### Assigned task
Only the lines from the one containing "A Tullo érzékszervi" through the last line of the material should be copied, exactly as written and without pictures.

### Information shown
····················
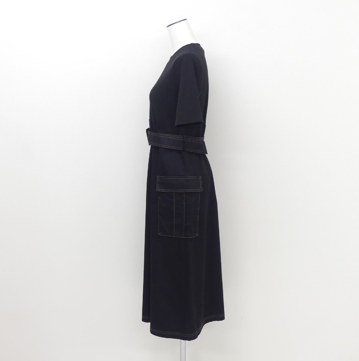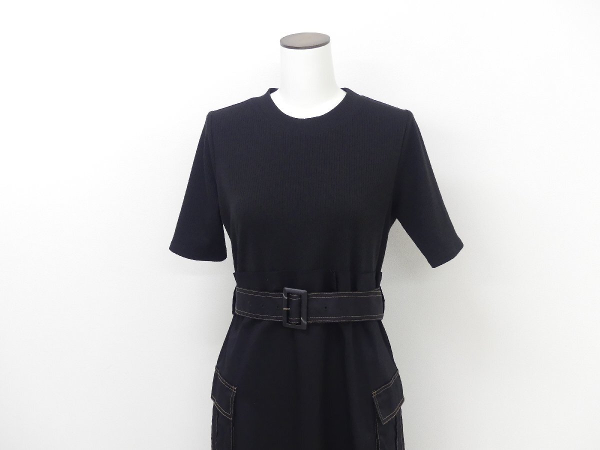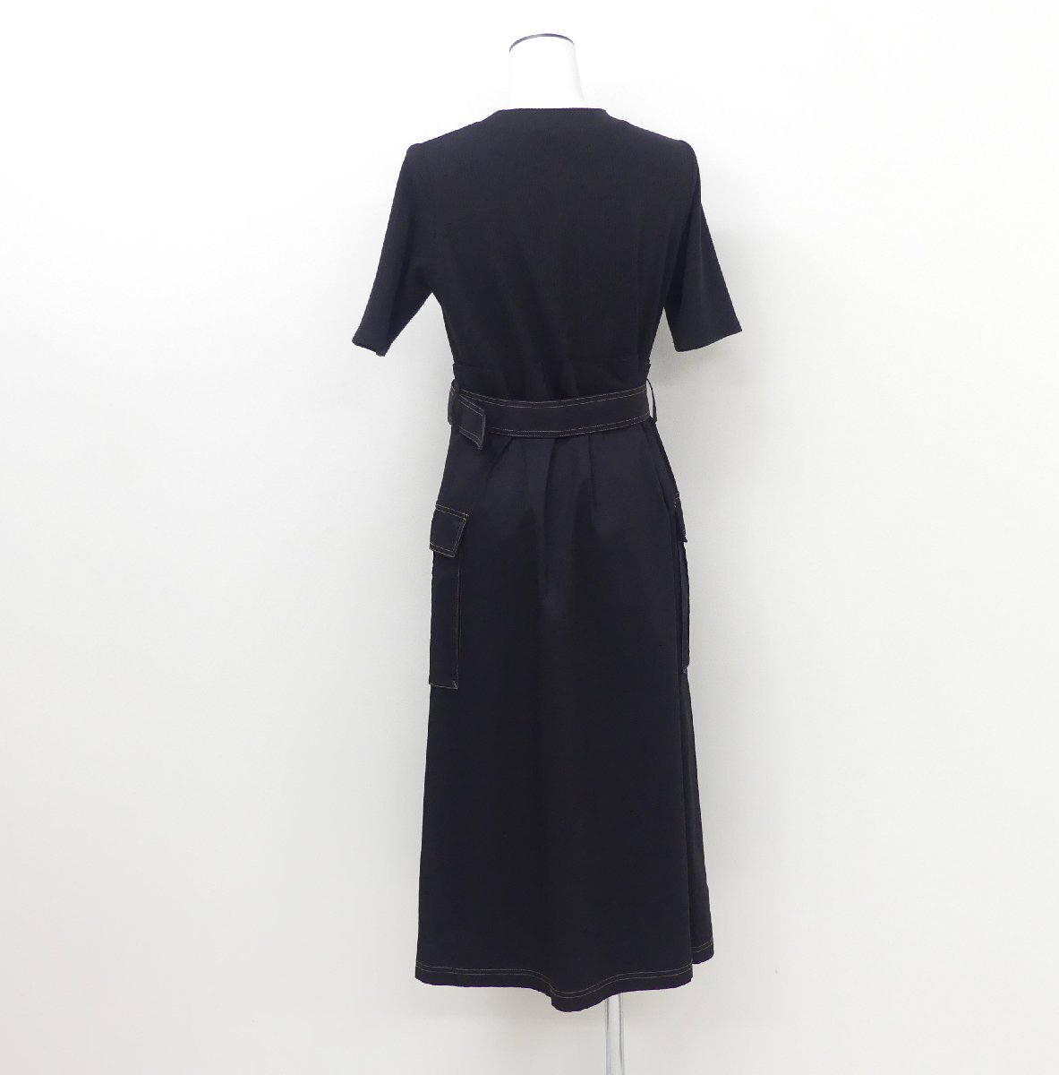 STRAWBERRY-FIELDS フレアワンピース F ブラック マキシ ロング ニット×布帛 切替 ベルト ポリエステルBLEND×コットンBLEND 收藏
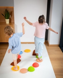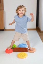 A Tullo érzékszervi út 6 különböző elemből áll, melyeket szabadon kombinálhatunk, így egyedi akadálypályákat hozhatunk létre. Minden elem különböző tapintási érzetet nyújt, a finom kiemelkedésektől a hangsúlyos textúrákig, gazdag érzékszervi élményt biztosítva és serkentve a gyermeklábak fejlődését.
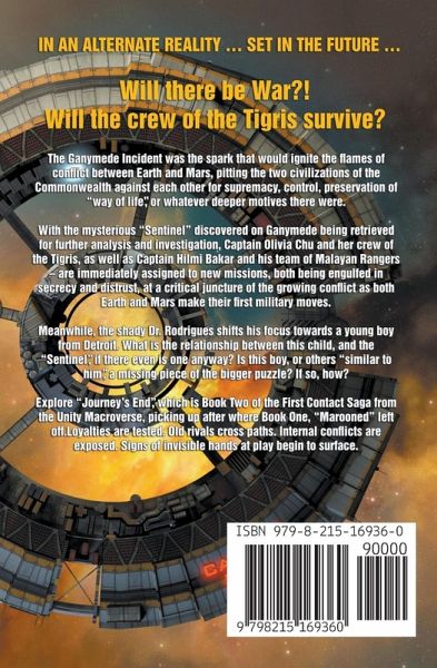 In an alternate reality … set in the future … Will there be War??!! Will the crew of the Tigris survive!! The Ganymede Incident was the spark that would ignite the flames of conflict between Earth and Mars, pitting the two civilizations of the Commonwealth against each other for supremacy, control, preservation of "way of life", or whatever deeper motives there were. With the mysterious "Sentinel" discovered on Ganymede being retrieved for further analysis and investigation, Captain Olivia Chu and her crew of the Tigris, as well as Captain Hilmi Bakar and his team of Malayan Rangers – are immediately assigned to new missions, both being engulfed in secrecy and distrust, at a critical juncture of the growing conflict as both Earth and Mars make their first military moves. Meanwhile, the shady Dr. Rodrigues shifts his focus towards a young boy from Detroit. What is the relationship between this child, and the "Sentinel", if there even is one anyway? Is this boy, or others "similar to him", a missing piece of the bigger puzzle? If so, how? Explore "Journey's End", which is Book Two of the First Contact Saga from the Unity Macroverse, picking up after where Book One, "Marooned" left off. Loyalties are tested. Old rivals cross paths. Internal conflicts are exposed. Signs of invisible hands at play begin to surface.
····················
### Exercise result
 A Tullo érzékszervi út 6 különböző elemből áll, melyeket szabadon kombinálhatunk, így egyedi akadálypályákat hozhatunk létre. Minden elem különböző tapintási érzetet nyújt, a finom kiemelkedésektől a hangsúlyos textúrákig, gazdag érzékszervi élményt biztosítva és serkentve a gyermeklábak fejlődését.
 In an alternate reality … set in the future … Will there be War??!! Will the crew of the Tigris survive!! The Ganymede Incident was the spark that would ignite the flames of conflict between Earth and Mars, pitting the two civilizations of the Commonwealth against each other for supremacy, control, preservation of "way of life", or whatever deeper motives there were. With the mysterious "Sentinel" discovered on Ganymede being retrieved for further analysis and investigation, Captain Olivia Chu and her crew of the Tigris, as well as Captain Hilmi Bakar and his team of Malayan Rangers – are immediately assigned to new missions, both being engulfed in secrecy and distrust, at a critical juncture of the growing conflict as both Earth and Mars make their first military moves. Meanwhile, the shady Dr. Rodrigues shifts his focus towards a young boy from Detroit. What is the relationship between this child, and the "Sentinel", if there even is one anyway? Is this boy, or others "similar to him", a missing piece of the bigger puzzle? If so, how? Explore "Journey's End", which is Book Two of the First Contact Saga from the Unity Macroverse, picking up after where Book One, "Marooned" left off. Loyalties are tested. Old rivals cross paths. Internal conflicts are exposed. Signs of invisible hands at play begin to surface.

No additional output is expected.